For 22-year-old Delonix Tan Wei Jie, on the other hand, he couldn’t have picked a more inopportune time to enter the peddlers trade.

After applying to the National Environment Agency’s Incubation Stall Program, he opened his fish ball stand, SanDai Fishball, at the Amoy Street Food Center as the number of COVID-19 cases increased.

Delonix Tan Wei Jie opened his booth just before the "fuse".

Mr. Delonix Tan Wei Jie.

“After four days of operation, the government announced that there would be a circuit breaker on April 7,” he complained. Yes (Hokkien for bad luck).

Although he had little experience in cooking, he had helped his father make yong tau foo in a wet market in Toa Payoh, and thought he would like the hawker’s “hectic” lifestyle.

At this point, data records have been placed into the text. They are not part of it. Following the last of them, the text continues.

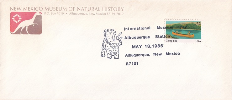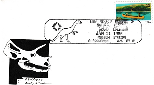 | Special hand pictorial & slogan cancellations: "MUSEUM STATION, ALBUQUERQUE, N.M. 87101 JAN 11 1986 | NEW MEXICO MUSEUM OF NATURAL HISTORY GRAND OPENINGG |". |
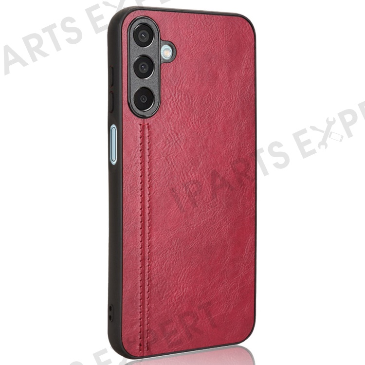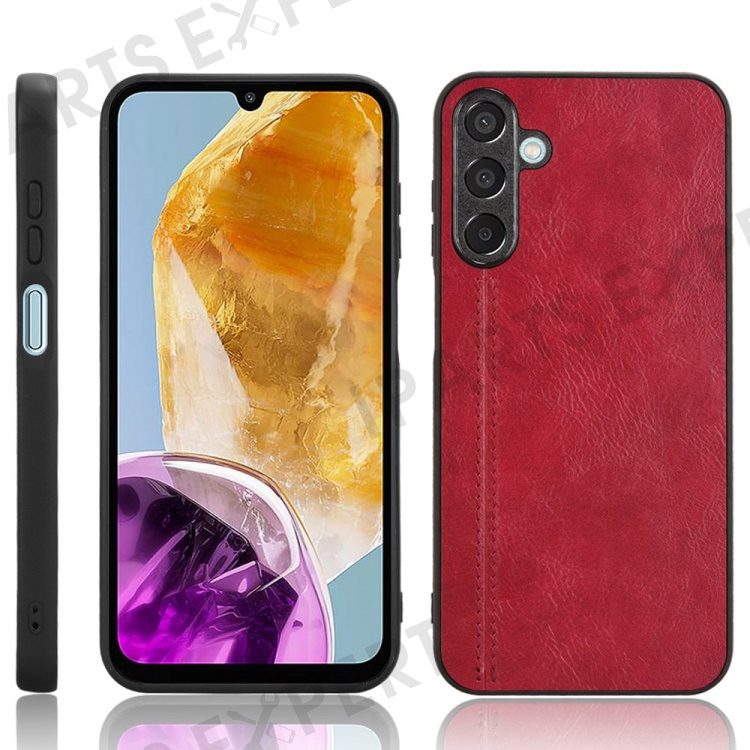 For Samsung Galaxy M15 5G Case Leather Coated PC+TPU Cover Stitching Line - Red
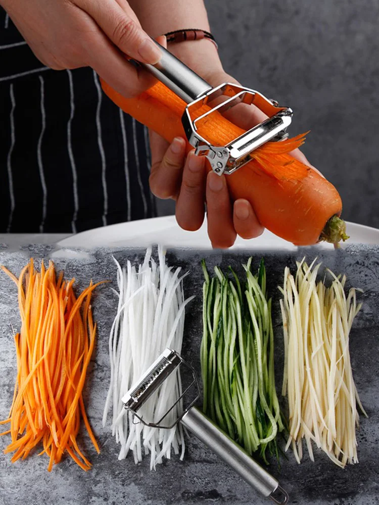Многофункциональная Овощечистка, кухонный измельчитель с двойной головкой, для резки овощей, огурцов, моркови
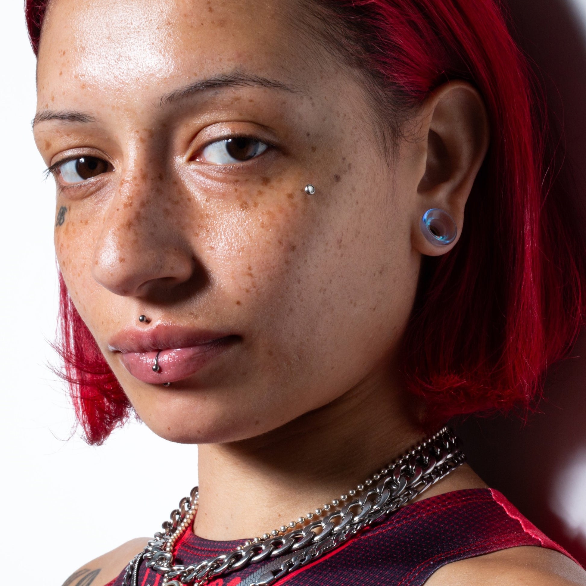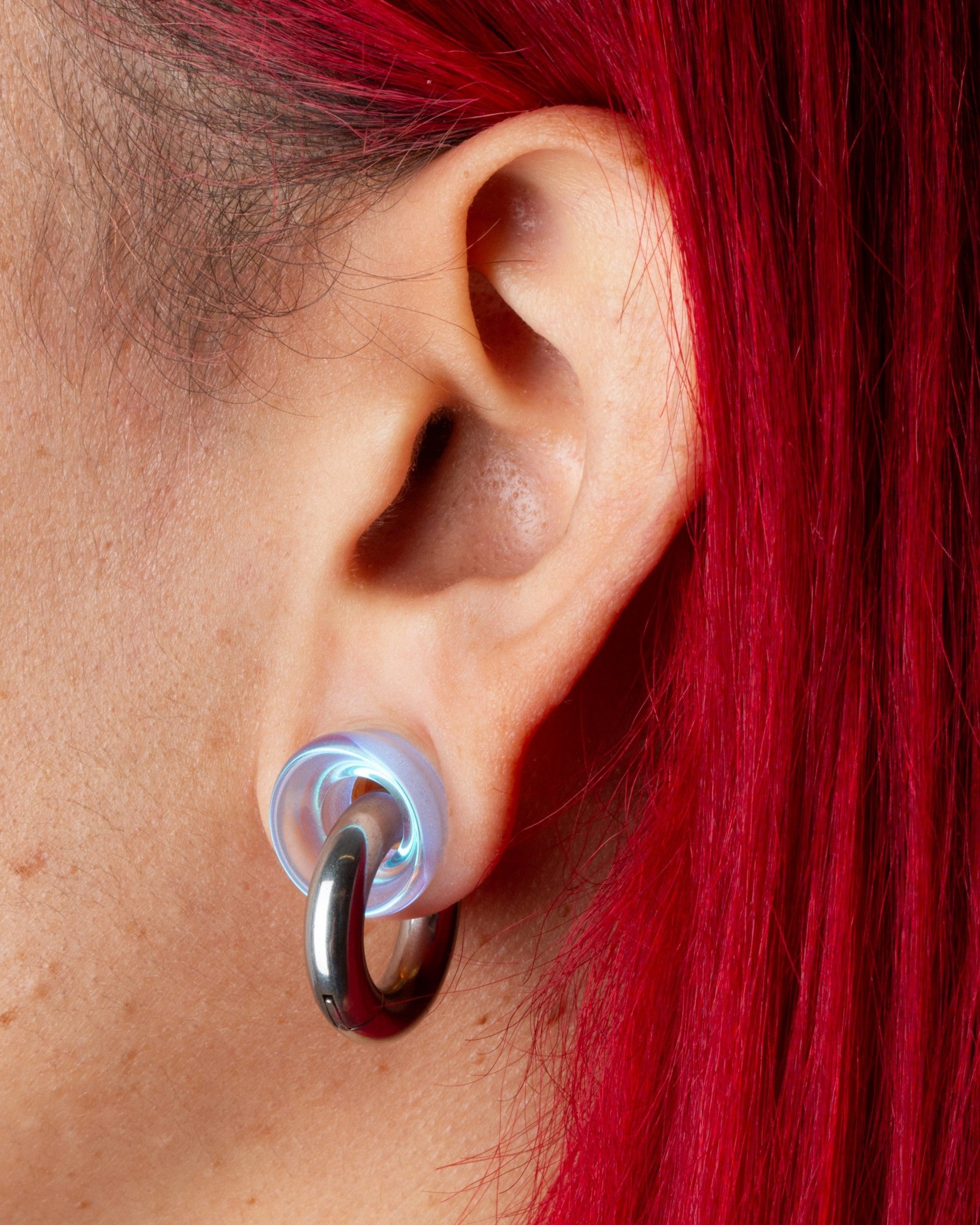 Aurora Borealis Glass Double Flared Tunnels - Pair
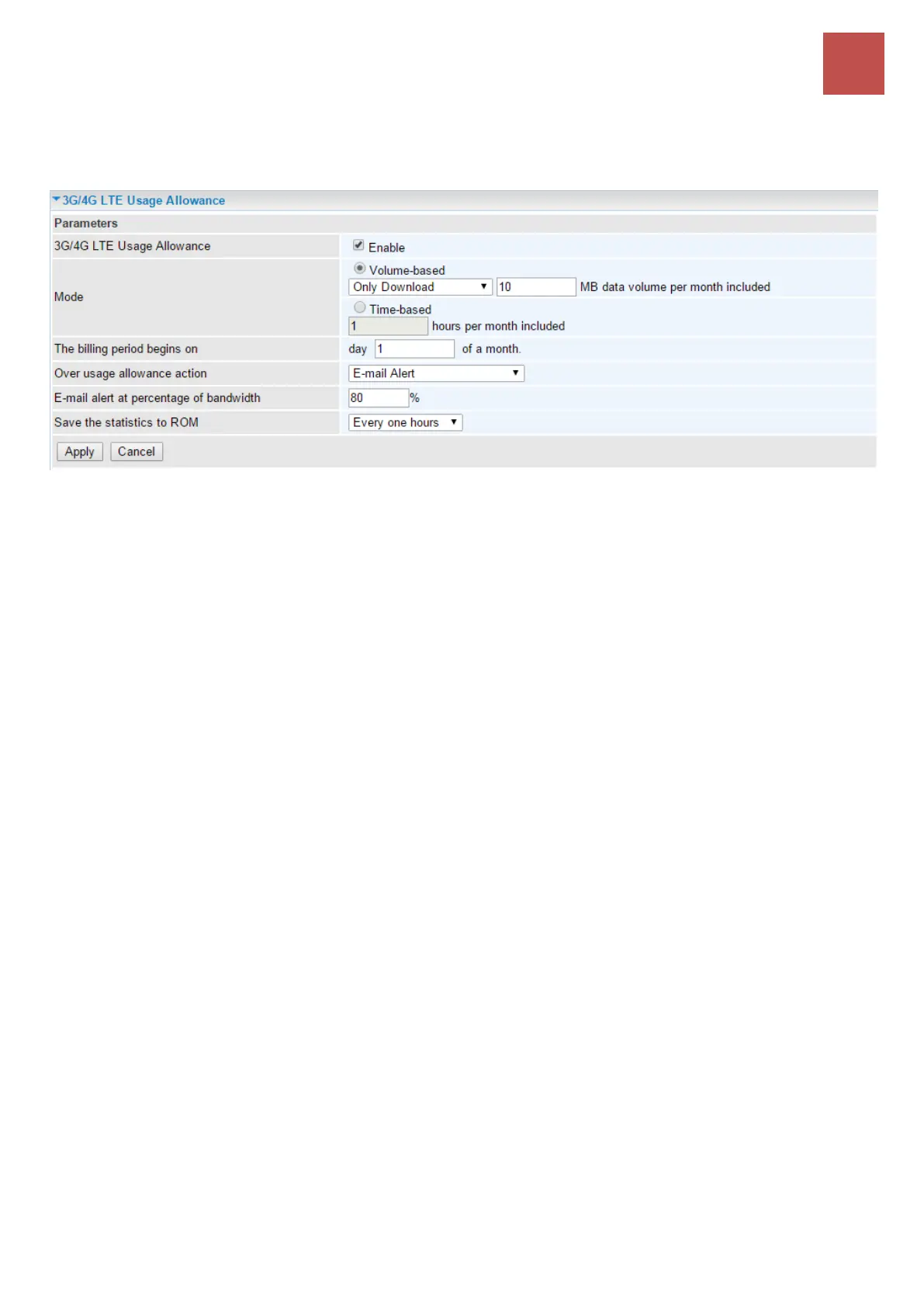 Advanced Setup – Management (3G/4G LTE Usage Allowance)
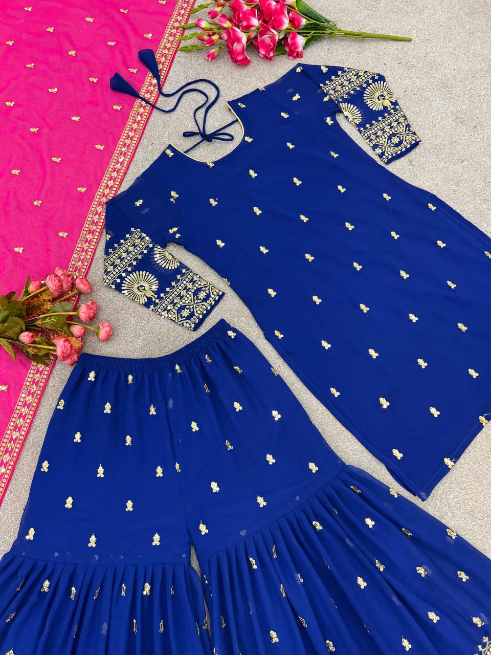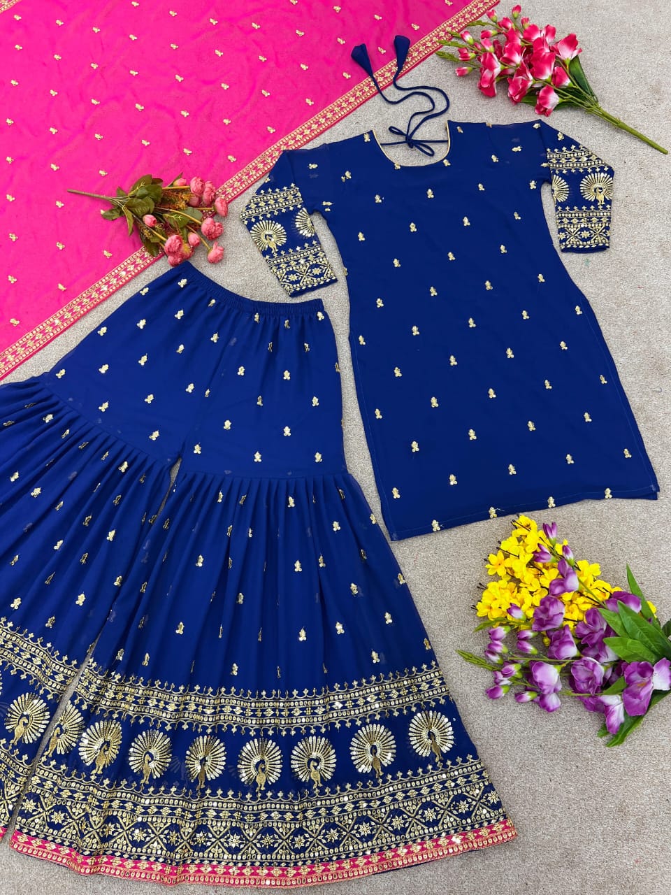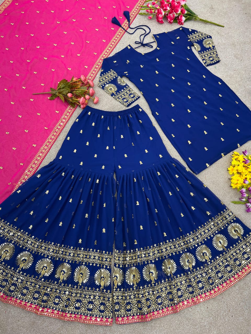 Plazzo Fabrics :Heavy Faux Georgette With Heavy Embroidery Sequence Work
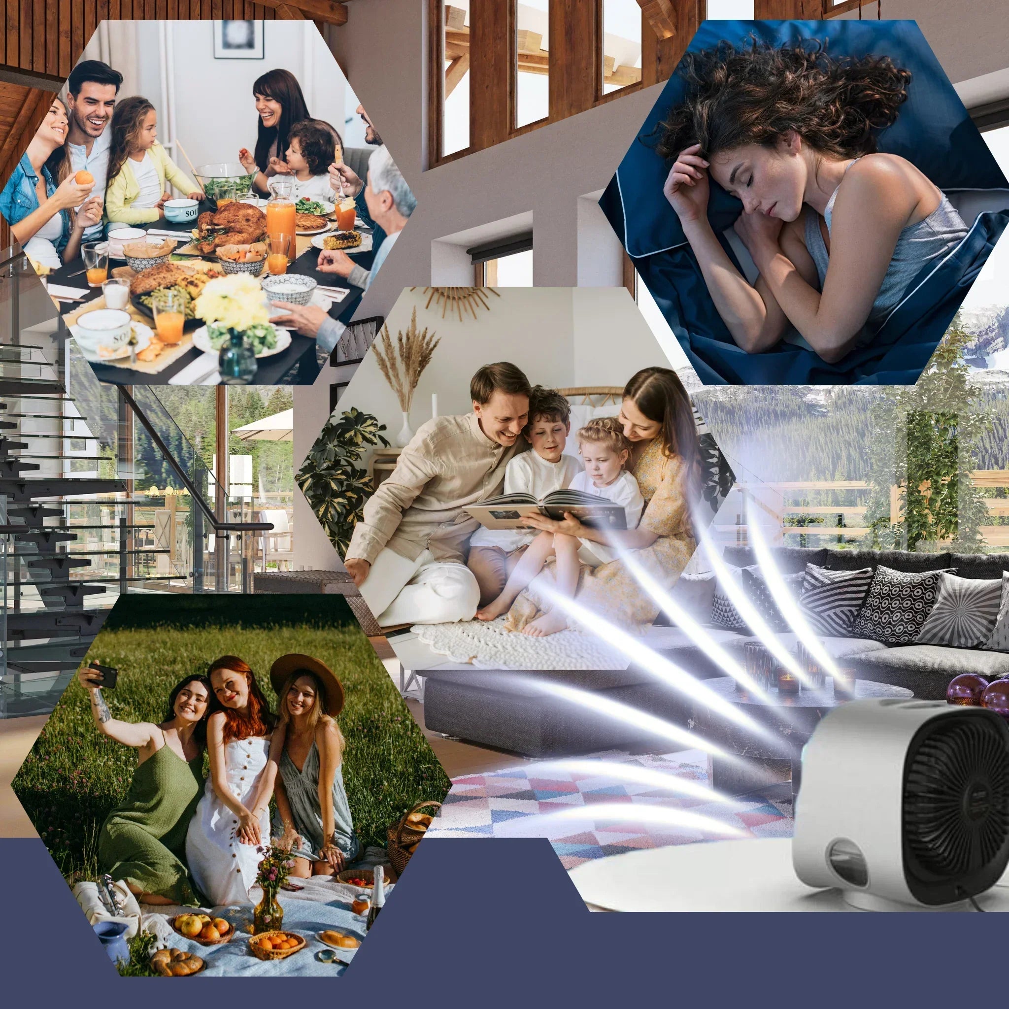 Der Mini-Luftkühler schafft die perfekte Umgebung für ruhigen, erholsamen Schlaf.
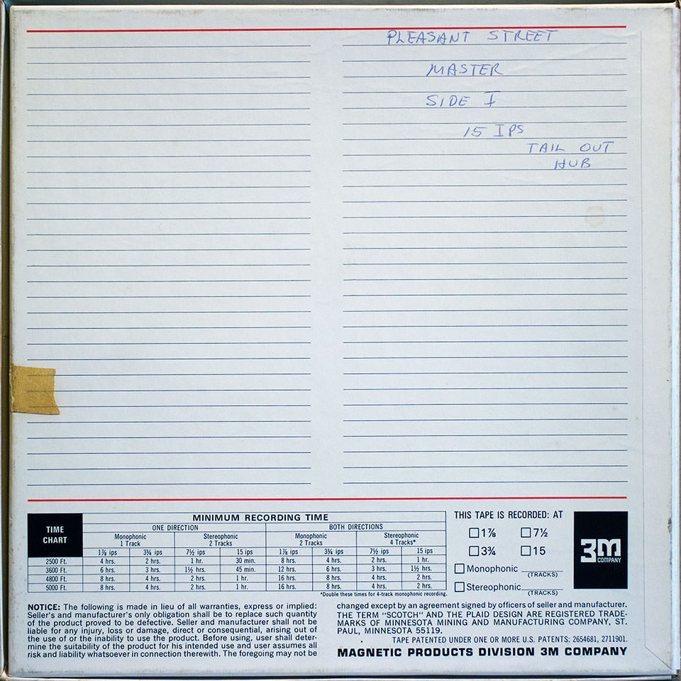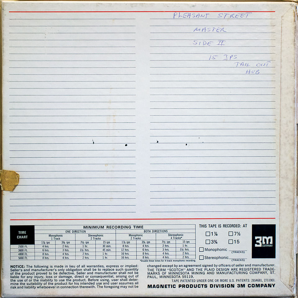 For decades we held a mysterious, unlabelled 33-1/3 RPM LP test pressing in the Sonobeat Records archives. The markings in the dead wax didn’t help us identify the band. The tracks on the test pressing were a little folksy, a little bluesy, with tinges of gospel here and there, and featured vocals that sounded familiar to us, but we just could’t place who the recording was by. Then, in 2008, as we were re-indexing the Sonobeat master tape library, we came upon two 10.5" tape reel boxes marked “Pleasant Street”. On a hunch we compared the ten songs on the test pressing to the ten songs on the Pleasant Street master tapes and, voilà, they were the same! Suddenly we realized the band’s lead vocalist was Bill Wilson, a virtuoso folk-blues singer-songwriter who we had recorded a few years earlier to showcase his original songs and in 1970 as a guest singer on Sonobeat’s Mariani hard rock demo album. Two more voilàs!
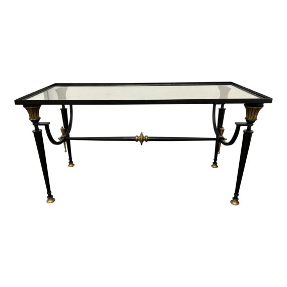 Design PLus Gallery presents a Art Deco Karl Kemp & A. French Coffee Table. Art Deco rectangular cocktail table is attributed to Gilbert Poillerat. Wrought iron is finished with patinated bronze details and original glass top with mirrored edges. The edges do show wear, coffee table is in good condition. Made in France in the 1930’s.
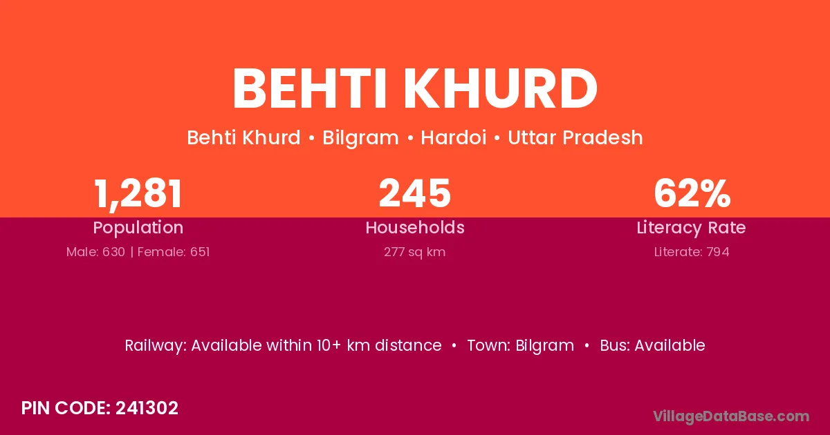 Behti Khurd village has a total population of 1,281 people, of which 630 are males and 651 are females.
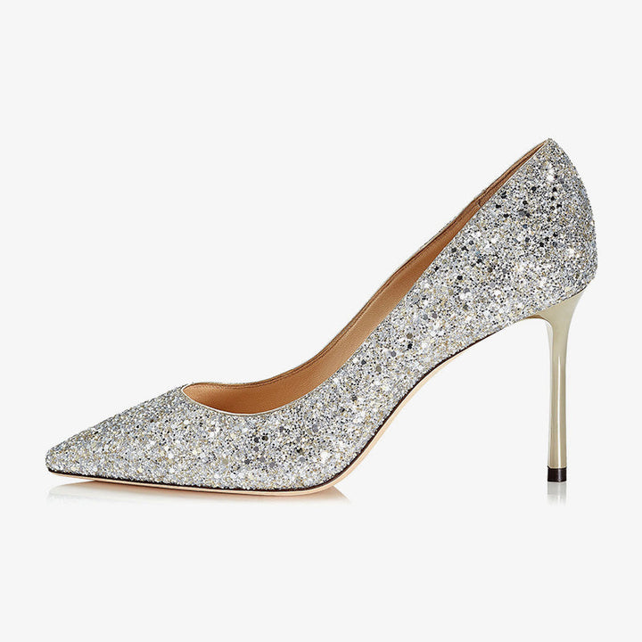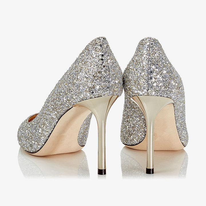 These timeless heels are updated for the season with a champagne coarse glitter fabric, exuding elegance and glamour. Leather-lined with a leather sole, the 100mm heel elongates the legs, making them the perfect complement to your evening ensemble for any special occasion.

When he started, he did a double duty: he was at his stall during the day and at night he helped with his family’s food business.

Given his schedule, his girlfriend initially helped him with his stall.

“She knew I was very stressed, short on cash, and so on, so she offered to help,” said the novice, acknowledging that his cooking “took some time to develop.”

Delonix Tan opened SanDai Fishball, in Amoy Street Food Center, just before the "fuse".

This was after he closed his booth during the circuit breaker, as it was in the CBD, and realized there would be almost “zero pedestrians”.

After reopening it in June, he found that during the lunch hour that used to be at the food center, the crowd still hadn’t returned.

“We spoke to … our customers, and they told us most of them wouldn’t be back until next year,” he said. So after a few months he decided to quit and help his father in the wet market.

“Rather than keep throwing money into this black hole, we decided to just cut it off,” he said. “(Being a peddler) … is very, very hard work, and the (profit margins are) very, very thin.

“After this experience I don’t think I want to be a hawker.”

Delonix Tan noticed that after the circuit breaker, customers had not returned to the Amoy Street Food Center.

He is left with pictures of his booth.


Leong also resumed the business after the circuit breaker measures were lifted. “I did it immediately, if only to meet people,” she said.

However, as her clients were mainly office workers in the CBD, it was quiet. In July, it closed its Far East Square facility for good due to dwindling crowds and lease issues.

“When I started renting there 20 years ago, the people (building management) were nice. Who knew they would change this year and become difficult to talk to? ” she said.

One of her employees has returned to China, another has gone to work in her brother’s restaurant and the latter “wanted to rest”.

WATCH: Ancient Flavors – Singaporean Hawkers Serving Traditional Asian Recipes (46:25)

At her age, Leong should comfortably retire, but she is adamant about keeping the Nam Seng brand alive.

“I’ve worked for so many years. My focus and dedication over the past 60 years has been for my brand. How can I bear to let it go? ” she said.

‘We’re taking our time, and we’ll find a new place. We will make a comeback. I will inform you all through the newspaper, internet and telephone when we reopen. ‘

Watch the Belly Of A Nation program here.